▶ **WHAT IS EXPECTED**
The whole listing should come back exactly as written, except for the pictures.
### RECORDED DATA ###
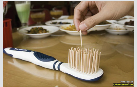
מברשת שיניים עם אפקט הקיסם
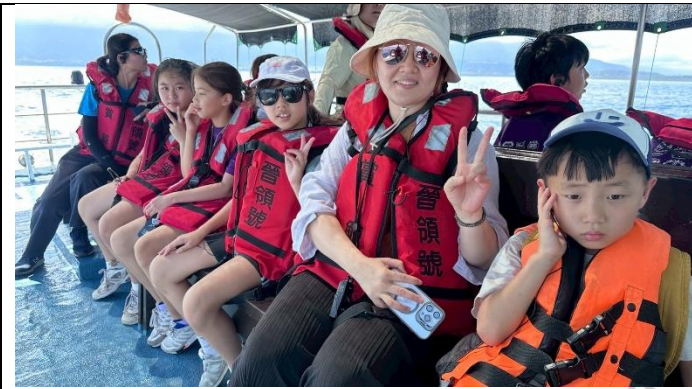
說明：第一次搭乘賞鯨船的經驗
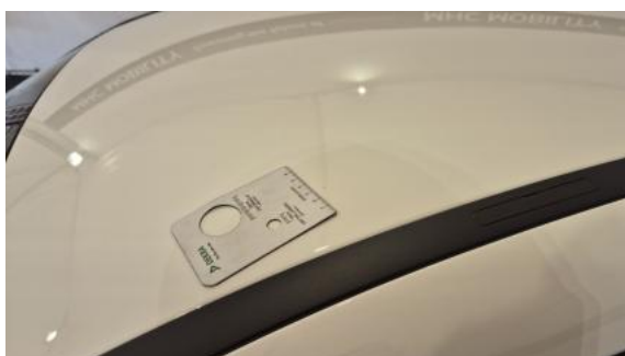
Fot. 43 Dach - Rysa/odprysk 1
###
▶ **COMPLETED TASK**
מברשת שיניים עם אפקט הקיסם
說明：第一次搭乘賞鯨船的經驗
Fot. 43 Dach - Rysa/odprysk 1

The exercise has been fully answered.